Batuhan: Damaged loyalty

“MORE and more, employees define loyalty as it pertains to the job at hand. They are hired to perform specific tasks and will learn and do them the very best they can. Once they feel they have mastered this role, they will seek out a new opportunity in order to have more responsibility and/or higher wages. The mentality is, “You pay me to do X, I do X, and we are even.” Whether the next step comes from within their current organization or they have to make a move, they have fulfilled their obligation and were loyal in doing so. Hence, whether one works for a company 10 years or 10 months, they consider that “loyal.”

The workplace has become transactional for the employee. More and more workers are taking the view (and rightfully so) that they are the sole drivers of their own careers. The concept of climbing the corporate ladder leaves too much of that control in the hands of others. In the traditional corporate ladder model, growth (either in skills, leadership or compensation) can be too easily hindered.” (Peter K. Murdock, “The New Reality Of Employee Loyalty,” Forbes Magazine, Dec. 28, 2017)

During the phenomenal boom years of the Japanese economy, a great deal of their success was attributed on the degree of loyalty that the workers had to their companies.

Much was made of workers who were practically “lifers,” starting their jobs with one company, and staying there until they retired. It wasn’t just in the cradle to grave career culture where this loyalty was most visible, but also in the work ethic of the employees. Without thought to personal comfort or benefit, workers routinely stayed behind after their shifts to complete their tasks, often doing so without added compensation. The consequence was unprecedented quality and productivity of Japanese companies which led to their dominance in their respective fields, for pretty much most of the 1980s until the turn of the millennium.

Corporate loyalty, to be sure, was not just a one-way street. It was cultivated and nurtured by Japanese companies showing the same mutual attitude towards their people as well.

Remarkable stories abound of companies at that time holding on to their workers during periods of economic downturn, where businesses in other countries would respond by laying off members of their workforce in the thousands. American companies, for instance, were well-known for this. Every time any business went into any sort of trouble, you can be sure that one of the predictable countermeasures would involve some sort of reduction in the workforce, to cut down on costs.

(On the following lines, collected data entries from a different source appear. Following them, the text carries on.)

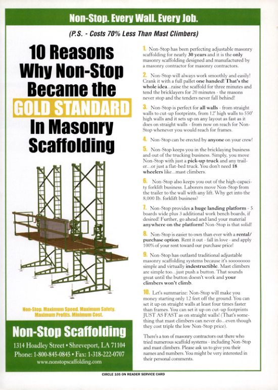 There's a ton of masonry contractors out there who tried numerous scaffold systems - including Non-Stop and mast climbers. Please ask us to give you their names and numbers. You might be very interested in their personal comments.
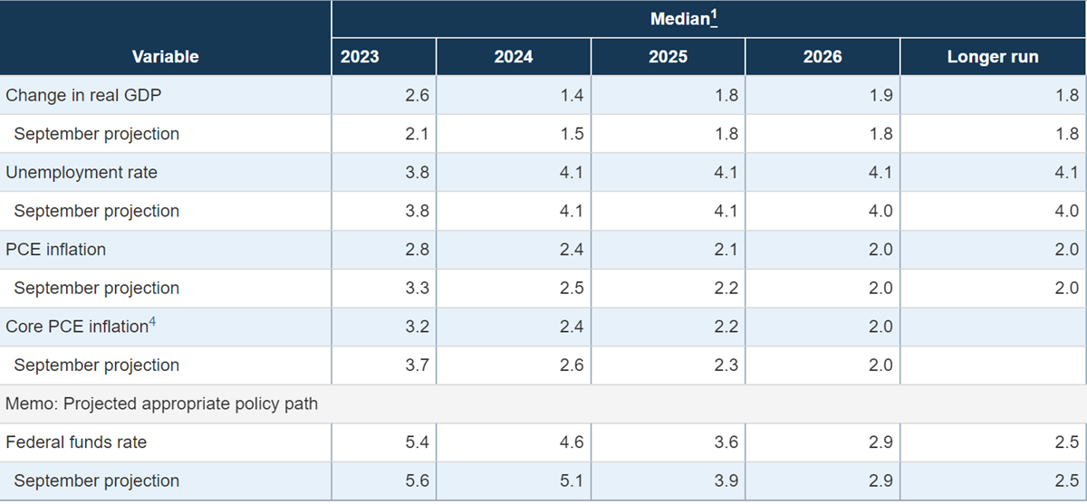 '23년 GDP 전망치는 9월 FOMC 전망 대비해서 상향되었으며, PCE는 하향 조정하였습니다.
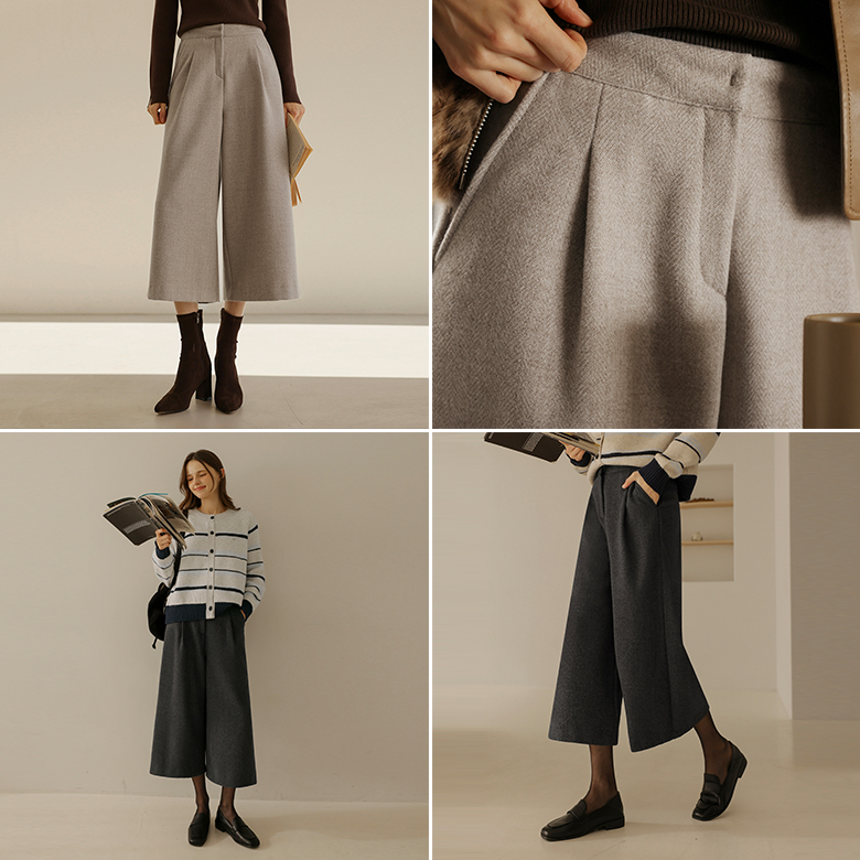 [뮤즈린] 주비 헤링본 핀턱 8부 와이드 슬랙스 [기모]
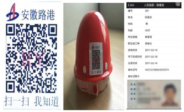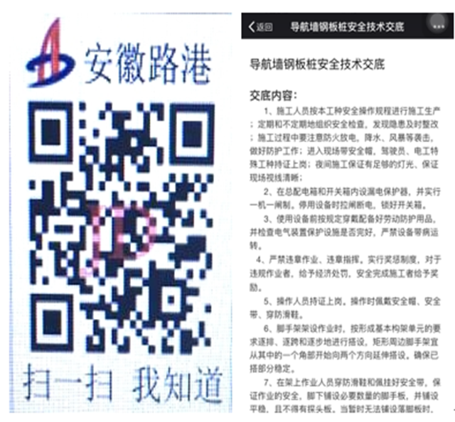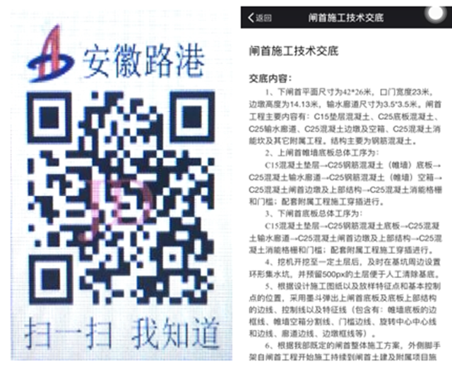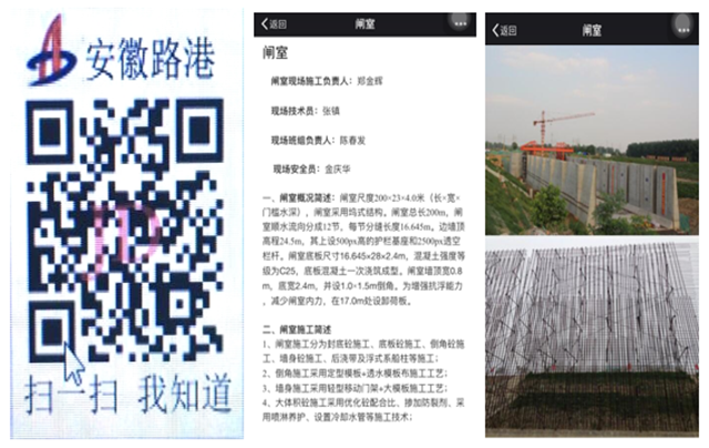 近日,在南坪船閘項(xiàng)目部駐地和施工現(xiàn)場,現(xiàn)場技術(shù)員和班組工人拿著手機(jī),對著識別卡和展板上的二維碼掃一掃,“
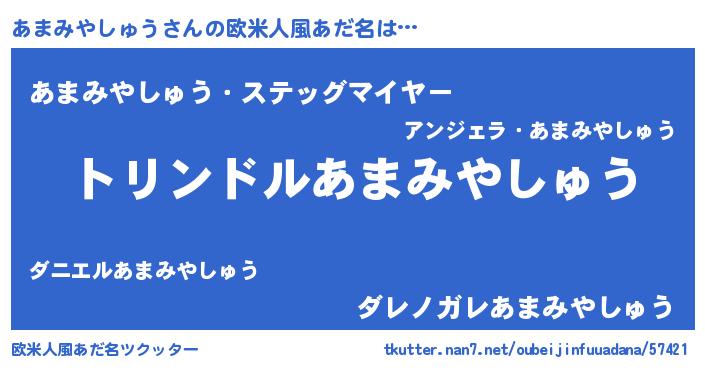 | 男性向けラノベタイトル風あだ名 | 『転生したらあまみやしゅうだった件』 |
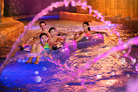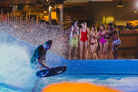 Aquatopia Indoor Waterpark at Camelback Resort is the Northeast’s premier year-round waterpark destination. Always 84 degrees and under a climate-controlled, transparent roof, Aquatopia features 13 thrilling water slides, a wave pool, adventure river, and multi-level play structures. Beyond the water, guests can enjoy indoor attractions like laser tag, a ropes course, arcade games, and bumper cars.
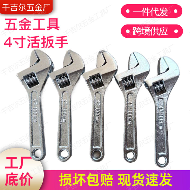 4インチ100mm活口レンチ、可動式レンチ、中性金物工具、ミニ精密ステンレス厚型
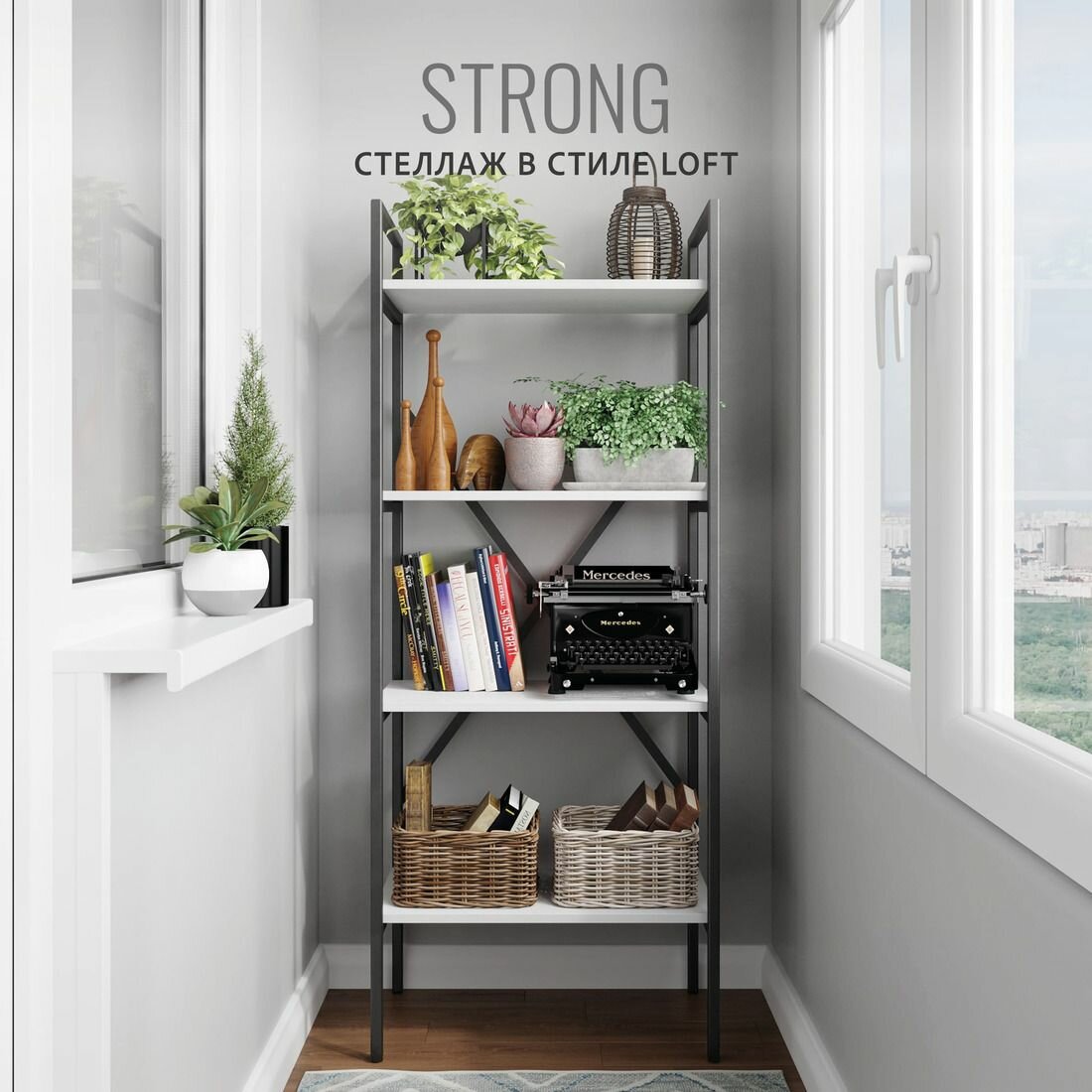 Стеллаж STRONG mini loft, белый, модульный, напольный с 4 полками, 147х40х35 см, гростат
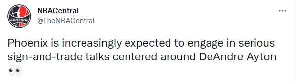 Marc Stein表示,距离自由市场开启还有不到三周的时间,有一点似乎很明确,那就是太阳越来越有可能围绕艾顿展开严肃的先签后换交易讨论,外界越来越怀疑太阳是否愿意用一份长期巨额的合同在艾顿身上投资。
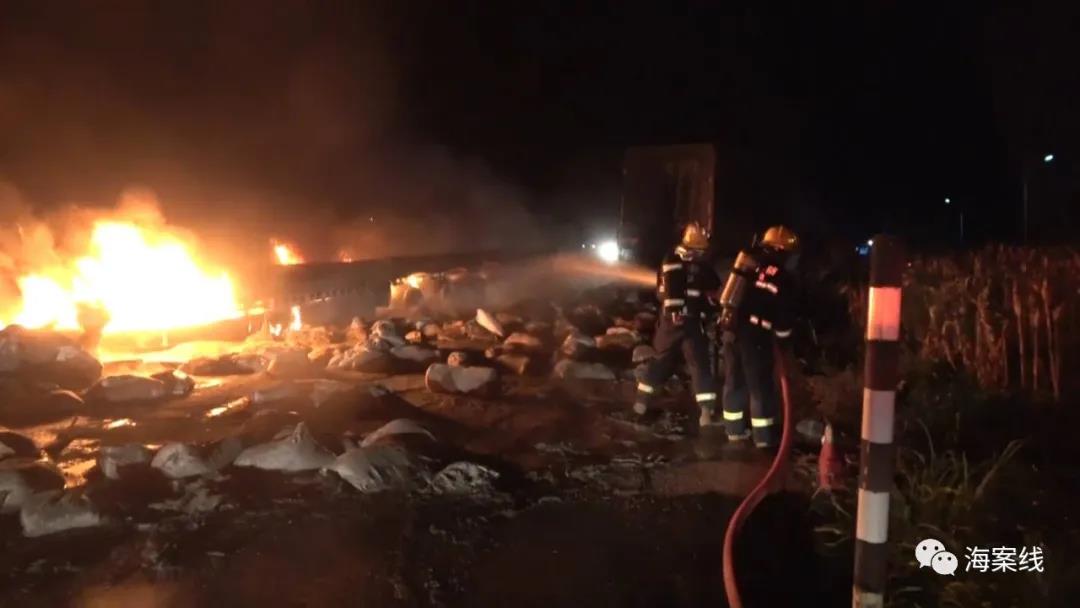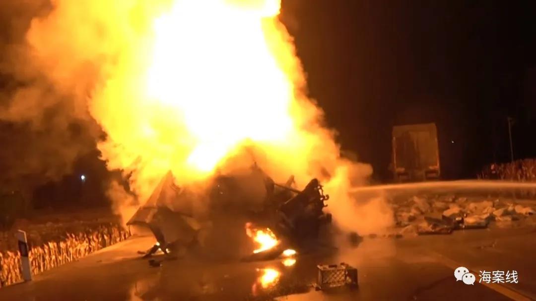 消防员立即兵分两路开展救援工作,一组人利用消防车出水扑灭水泥挂车的明火,抢救被困人员;另一组人利用破拆器材对化肥货车的车头进行破拆,抢救被困驾驶员。经过紧急扑救,现场火势很快得到控制。3点30分,明火被扑灭,5点10分,货车内被困驾驶员救出,经现场医务人员确认已无生命迹象,而水泥挂车的两名被困人员因火势燃烧猛烈,也不幸身亡。此外,货车和挂车上各有一人在本次事故中受伤。
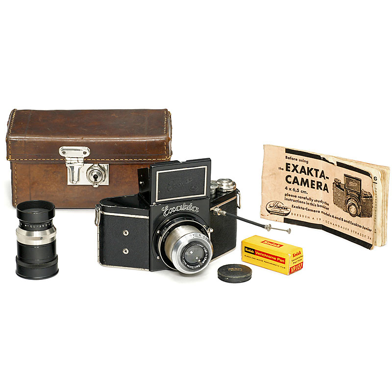 Ihagee, Dresden, 4x6.5 cm on 127 rollfilm, Tessar 3.5/7.5 cm, no.19021597, Tele Megor 5.5/15 cm, 箱子,英语说明书,柯达胶卷 Type VP127. 快门粘瑟,但其是一件出色的展品。

Just about a generation into the third millennium, the concept of loyalty in the workplace has turned on its head. As the piece from Forbes above attests, relationship-based loyalty has pretty much made way for situational or transactional loyalty. Only as long as both parties mutually benefit each other does “loyalty” exist. Absent this, and the whole relationship falls apart.

United States President Donald Trump, a businessman and now most powerful politician in the world, best exemplifies how this transactional type of loyalty works in practice.

Last week, in a move that was never before seen in US foreign diplomacy, the President single-handedly decided to pull American troops out of the Syrian-Turkish border, effectively abandoning the Kurds, the US’ loyal allies in the fight against Isis, to the mercy of Turkish forces hell-bent on wiping them out from the face of the earth. With the transaction (fighting Isis) effectively over, Trump feels no more loyalty to his former allies, their past sacrifices be damned.

There is a postscript to this, however, that the President has not taken into account. Once damaged, loyalty is notoriously difficult to repair.